▼▼▼

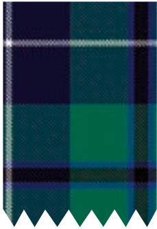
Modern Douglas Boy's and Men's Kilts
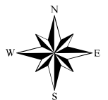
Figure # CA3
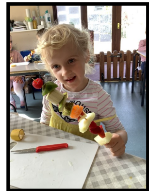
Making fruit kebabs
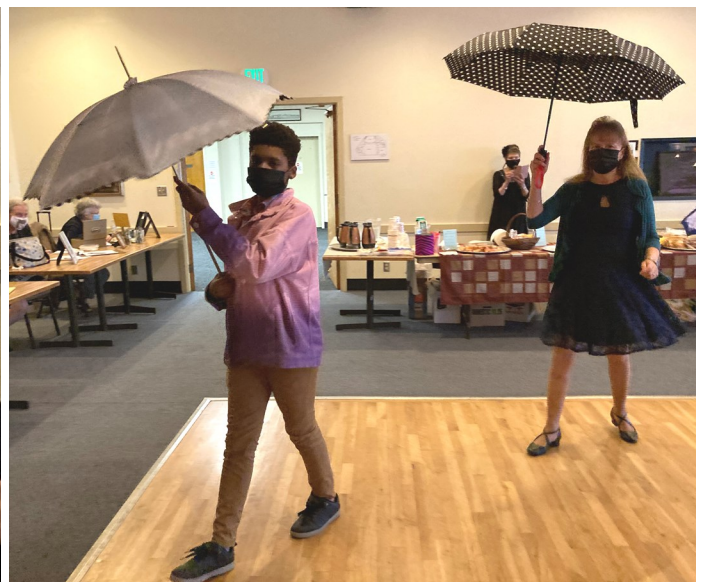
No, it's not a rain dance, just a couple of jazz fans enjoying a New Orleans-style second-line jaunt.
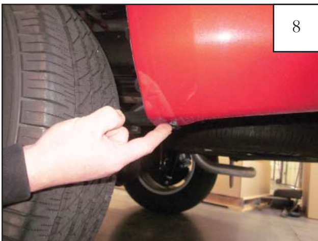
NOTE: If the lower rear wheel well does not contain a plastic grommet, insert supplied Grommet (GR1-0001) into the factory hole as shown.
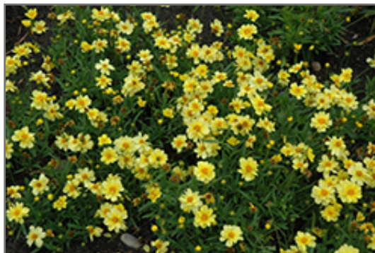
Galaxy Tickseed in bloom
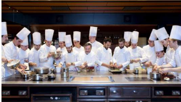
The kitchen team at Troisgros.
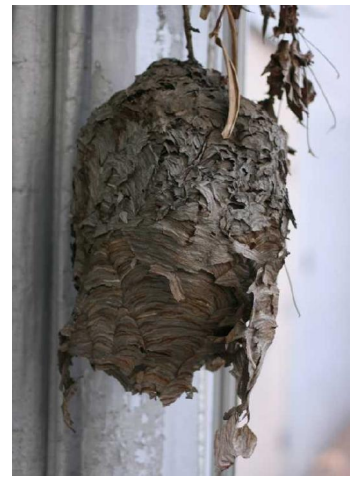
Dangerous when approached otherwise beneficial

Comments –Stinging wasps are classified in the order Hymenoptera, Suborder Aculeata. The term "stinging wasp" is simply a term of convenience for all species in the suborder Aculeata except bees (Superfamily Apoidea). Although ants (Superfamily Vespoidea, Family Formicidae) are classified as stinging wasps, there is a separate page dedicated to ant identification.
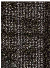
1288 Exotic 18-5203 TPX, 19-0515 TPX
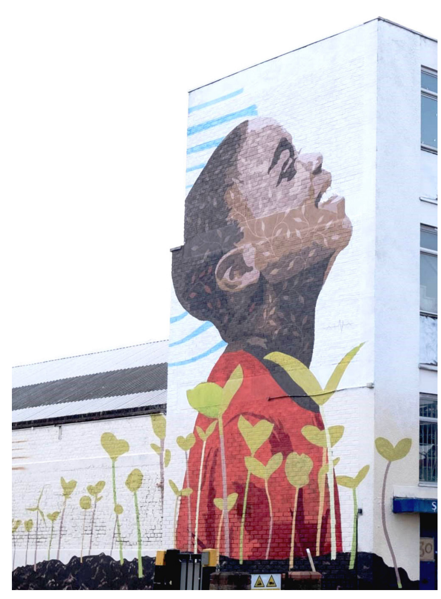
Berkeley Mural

▲▲▲

Starting with the line that holds "Figure # CA3", return each line exactly through the final line of the entries above; pictures are not part of the output.

Figure # CA3
Making fruit kebabs
No, it's not a rain dance, just a couple of jazz fans enjoying a New Orleans-style second-line jaunt.
NOTE: If the lower rear wheel well does not contain a plastic grommet, insert supplied Grommet (GR1-0001) into the factory hole as shown.
Galaxy Tickseed in bloom
The kitchen team at Troisgros.
Dangerous when approached otherwise beneficial

Comments –Stinging wasps are classified in the order Hymenoptera, Suborder Aculeata. The term "stinging wasp" is simply a term of convenience for all species in the suborder Aculeata except bees (Superfamily Apoidea). Although ants (Superfamily Vespoidea, Family Formicidae) are classified as stinging wasps, there is a separate page dedicated to ant identification.
1288 Exotic 18-5203 TPX, 19-0515 TPX
Berkeley Mural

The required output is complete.